EXERCISE REQUIREMENTS
Using the listing below, set down exactly the lines from the one that contains "within that Account." through the one that contains "麗思卡爾頓馬傑斯提克教堂,位", with no pictures.

DATA IN THIS EXERCISE
[Start of section]

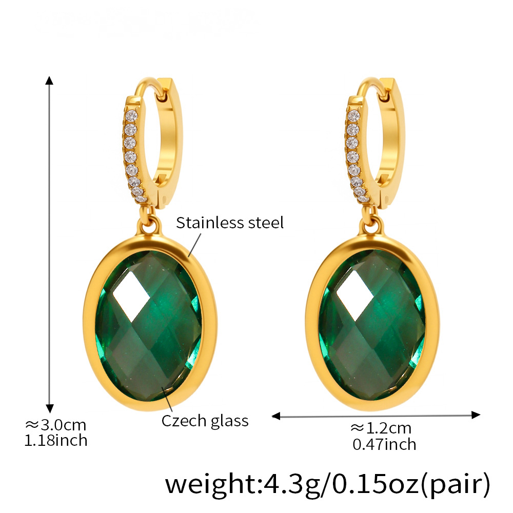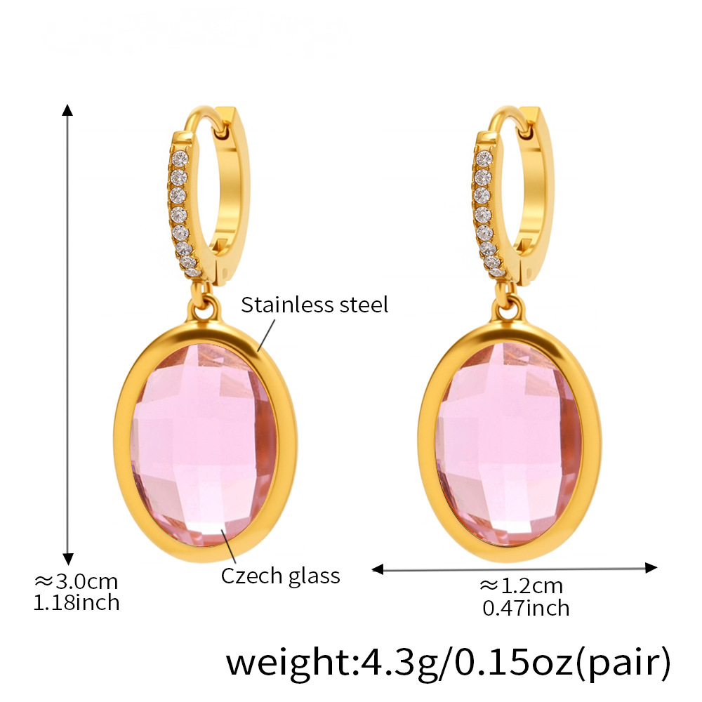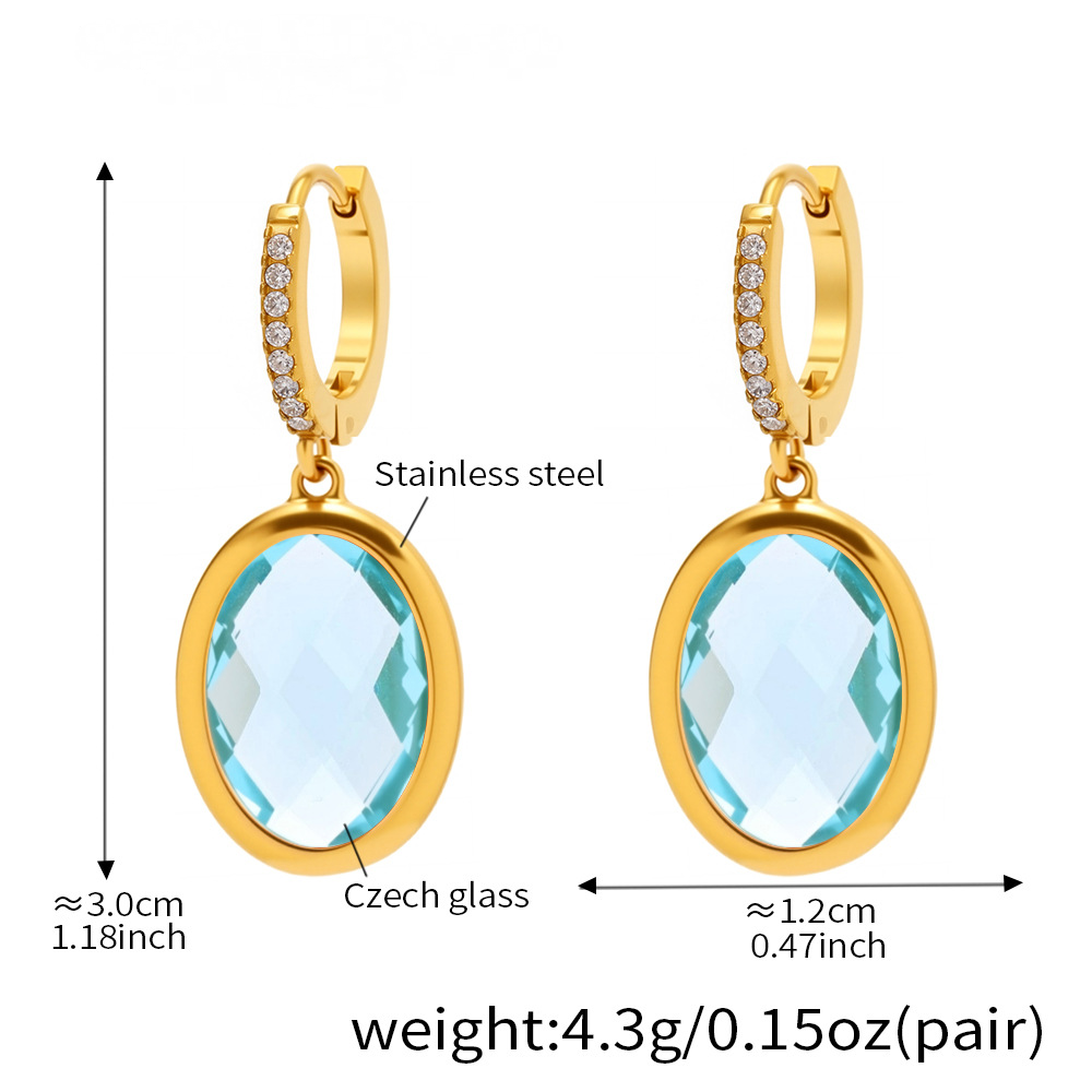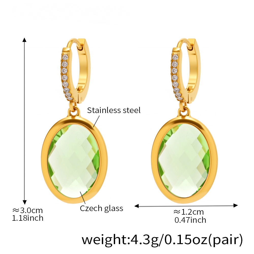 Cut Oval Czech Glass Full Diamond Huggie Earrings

[End of section]
[Start of section]

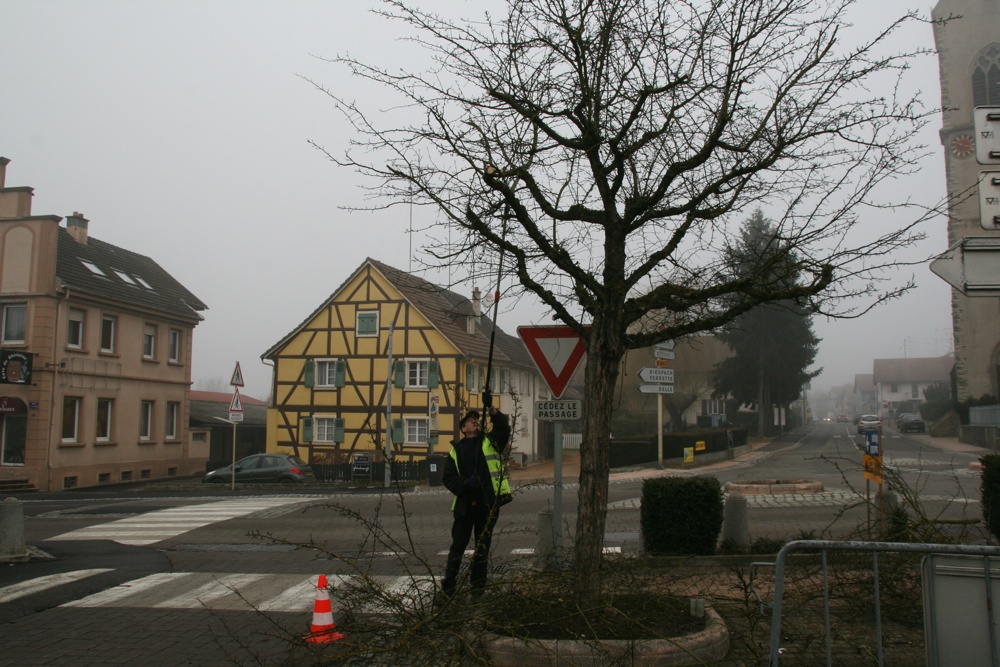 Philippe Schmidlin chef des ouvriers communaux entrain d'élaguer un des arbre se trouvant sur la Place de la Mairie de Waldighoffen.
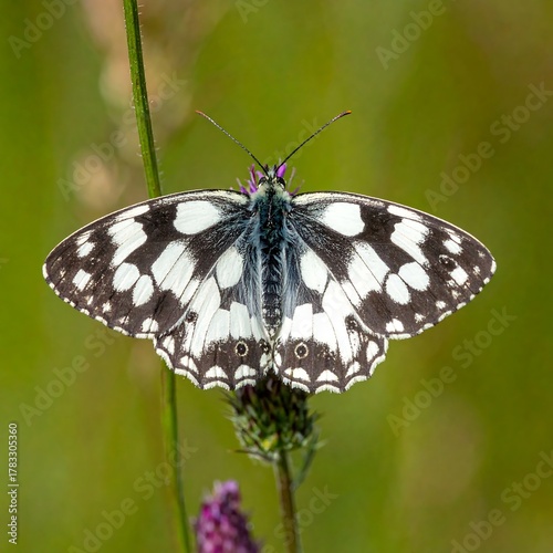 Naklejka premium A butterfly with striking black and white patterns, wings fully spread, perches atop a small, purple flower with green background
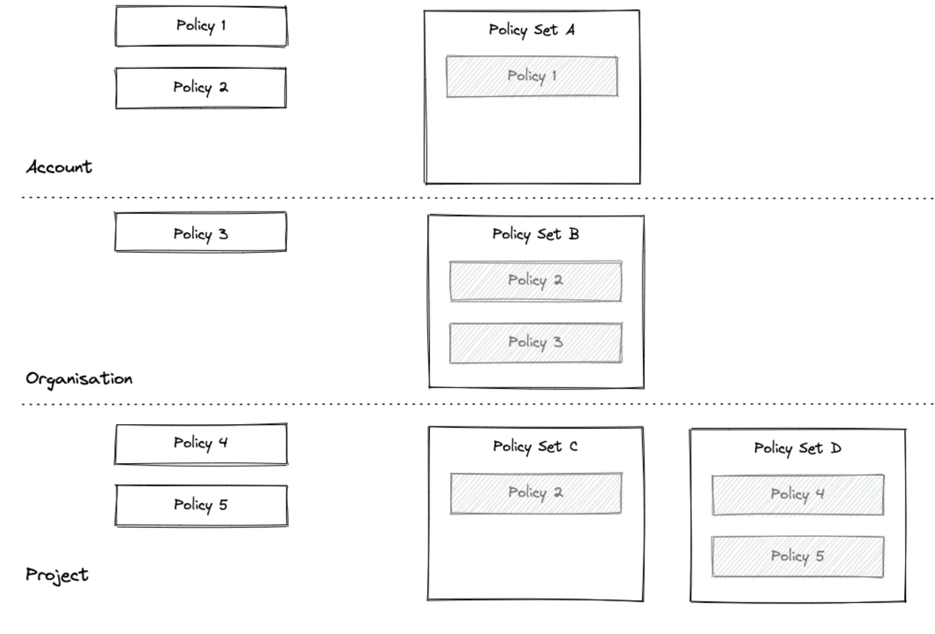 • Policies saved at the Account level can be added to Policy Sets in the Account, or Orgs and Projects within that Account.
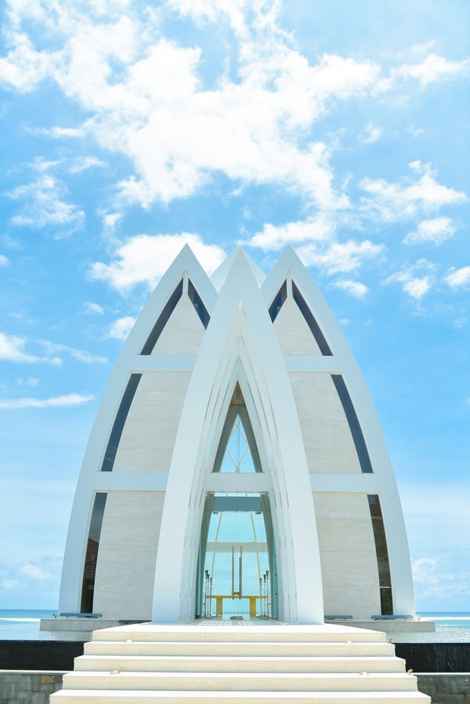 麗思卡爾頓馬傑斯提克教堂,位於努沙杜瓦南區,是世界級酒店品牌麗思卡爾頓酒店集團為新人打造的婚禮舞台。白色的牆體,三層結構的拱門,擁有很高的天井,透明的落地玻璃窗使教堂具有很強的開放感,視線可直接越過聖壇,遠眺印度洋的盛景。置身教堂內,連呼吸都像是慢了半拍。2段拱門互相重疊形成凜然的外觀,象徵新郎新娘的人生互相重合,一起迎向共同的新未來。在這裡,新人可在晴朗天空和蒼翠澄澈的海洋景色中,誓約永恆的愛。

[End of section]

REPLY
 • Policies saved at the Account level can be added to Policy Sets in the Account, or Orgs and Projects within that Account.
 麗思卡爾頓馬傑斯提克教堂,位於努沙杜瓦南區,是世界級酒店品牌麗思卡爾頓酒店集團為新人打造的婚禮舞台。白色的牆體,三層結構的拱門,擁有很高的天井,透明的落地玻璃窗使教堂具有很強的開放感,視線可直接越過聖壇,遠眺印度洋的盛景。置身教堂內,連呼吸都像是慢了半拍。2段拱門互相重疊形成凜然的外觀,象徵新郎新娘的人生互相重合,一起迎向共同的新未來。在這裡,新人可在晴朗天空和蒼翠澄澈的海洋景色中,誓約永恆的愛。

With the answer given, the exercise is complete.